On his proposal for a new federal agency, most lawmakers were lining up to back Bush's call for swift action. Senate Majority Leader Tom Daschle, D-S.D., even suggested the Senate may be able to pass its version of the plan before the August congressional recess.

"We have a lot of questions to ask about how it works and whether or not the proposal from the White House, when it comes, is the right approach," Daschle said. "But we'll work with them to see if we can find the right approach and reach a consensus on it."

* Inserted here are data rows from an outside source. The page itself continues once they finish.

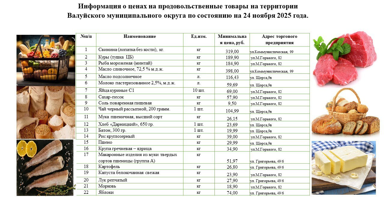 Публикуем информацию о том, где дешевле всего можно купить необходимые продукты в городе Валуйки. Цены представлены на 24 ноября 2025 года.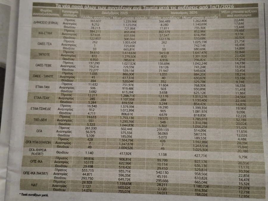 Συντάξεις… Αύξηση έλαβαν περίπου 2,5 εκατομμύρια συνταξιούχοι, με τη μέση κύρια σύνταξη λόγω γήρατος να διαμορφώνεται στα 975 ευρώ, όπως αναφέρει το ρεπορτάζ του «Ελεύθερου Τύπου».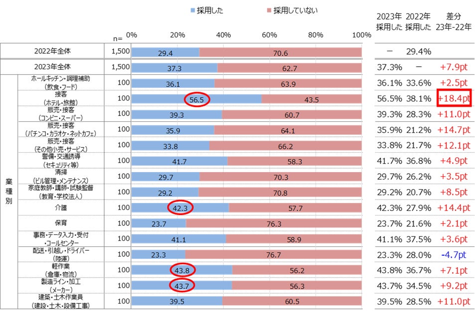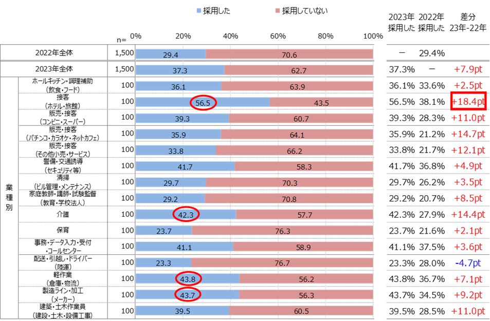 2023年にスポットワーカーを採用した割合は約4割で前年より7.9pt増加、業種別では[接客(ホテル・旅館)]が約5割でトップ【図4】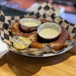 Ended the evening here after trying every other brewery in the area. We were told bar is open seating so we went upstairs and sat ourselves at the upstairs bar. The bartender was awesome. He was so friendly and we talked to him all evening, about beers and traveling. They don't do flights since they're more a restaurant/brew pub with select speciality beers. But he gave us half pours so we didn't have to commit if we didn't like it! It was a wonderful experience, great beer, lively atmosphere, everyone was enjoying themselves. We had a great time and got the pretzel, we ordered the big one and wow.... They weren't kidding. It was way too much for both of us. We wanted a snack and this was a meal. The mustard and cheese was so good though, we ended up eating it all and regretting it. Definitely check them out if you have a large group and want to have a great night out. They had a lot of other drinks to choose from as well and pool tables!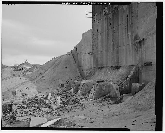 DETAIL OF NORTH ELEVATION AND FOOTINGS FOR FLAME DEFLECTOR, NOW MISSING. Looking east.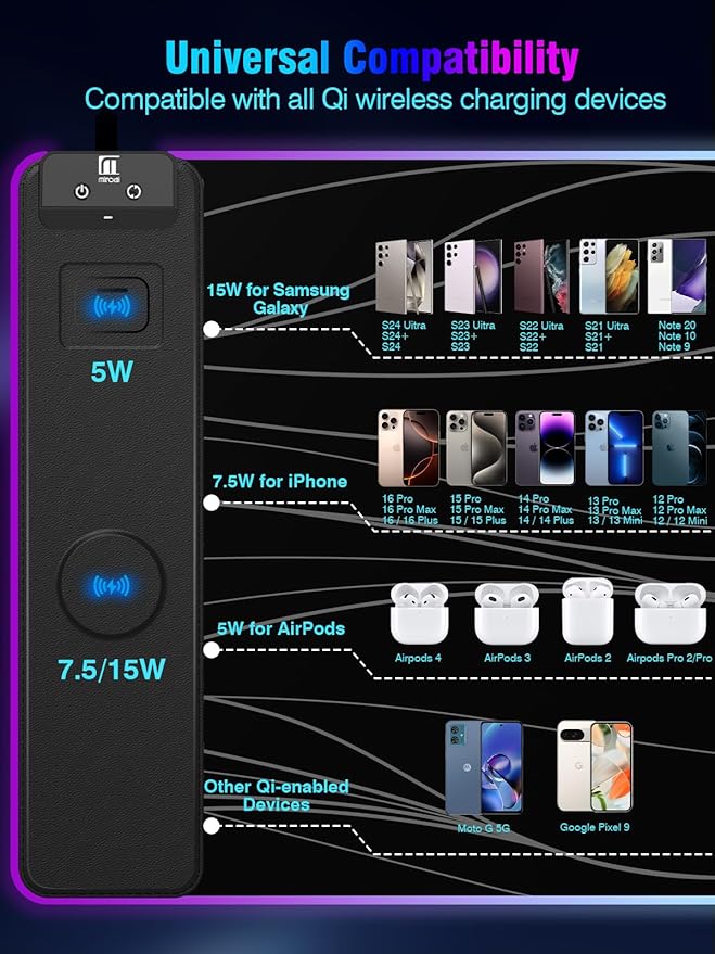 - All-in-One Desk Mat Mousepad: 15W Magnetic Fast Wireless Charging Mouse Pad for Samsung Galaxy S23/S22/S21/S20/S10/S9/S8/Note 9/8, iPhone 17/16/15/14/13/12/11/X/8 series, Airpods Pro 2nd/Pro/4rd/3rd/2rd(only for wireless charging case) and other Qi-enabled devices. (Note: 15W fast charging requires 18W/20W Power Adapter, which is not included in the this Mousepad.)

Yet even some prominent members of Bush's own party were raising questions about the plan. House Majority Leader Dick Armey, R-Texas, said many lawmakers are concerned that the president's plan does not envision the "full participation" of the FBI  and CIA, which have been the subjects of heavy criticism for their pre-Sept. 11 intelligence performance.

Under Bush's plan, intelligence would be analyzed by the new department, which would have no authority over what the agencies produced.

"Many of us feel we can maybe, perhaps, more completely do that job than what was outlined" by the president, Armey said. "We may have to pull these agencies more fully into the structure than was recommended."

Appearing Tuesday on CNN, Ridge said he was confident lawmakers' concerns about intelligence sharing with the new department could be worked out.